Potrebbe finire così, 002, che invece aggiunge al programma Vibes Compass, compilation di 15 pezzi inediti che includono demo, outtakes e brani mai pubblicati prima come la confusa Time And The Tide; il midtempo Ocean Of Dreams con le note in staccato di piano e la chitarra di Steve Jones, ex Sex Pistols; un remake di Secret Agent Man, la hit di Johnny Rivers (registrata, pare, per un film con Vin Diesel o per un sequel di Austin Powers) e una Fantastic che è in realtà una Ramshackle Day Parade in progress”. Briciole di quello sterminato e disordinato lascito di nastri conservati nel capanno da lavoro che Strummer si era costruito nella sua fattoria nel Somerset insieme ad appunti, diari, disegni e note scarabocchiate ovunque.
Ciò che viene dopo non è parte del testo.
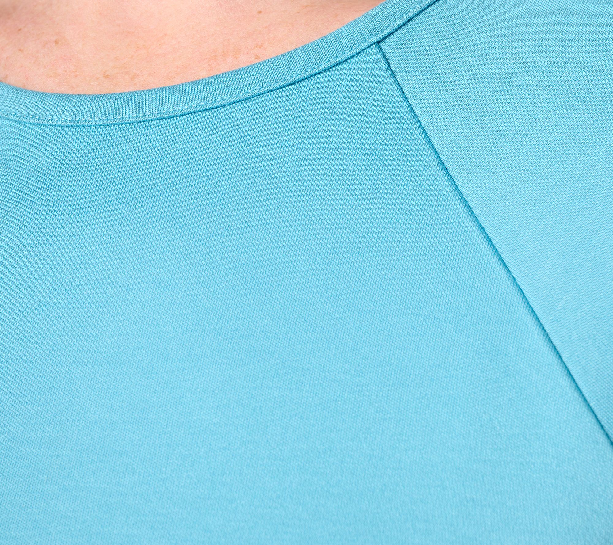 • Features: round neckline, seaming details, dolman short sleeves, straight hem

Non aggiungono grande plusvalore musicale alla storia dei Mescaleros, ma sono utili a comprendere la natura, lo spirito e il metodo di lavoro di un artista che qui si ascolta conversare con i compagni di band e con i fonici.

Un creativo infaticabile e un accumulatore seriale che, come dice oggi la moglie Lucinda, «come uno scoiattolo teneva tutto», spargendo i segni tangibili della sua esistenza «in una serie di sacchetti di plastica». Credeva ancora che la gente potesse cambiare il mondo, che solo insieme avessimo un senso, e per questo ci manca più che mai. Chissà cosa gli sarebbe uscito ancora fuori dalla testa, dalla voce e dalla Telecaster, vivendo e osservando questi ultimi, spesso sciagurati, 20 anni.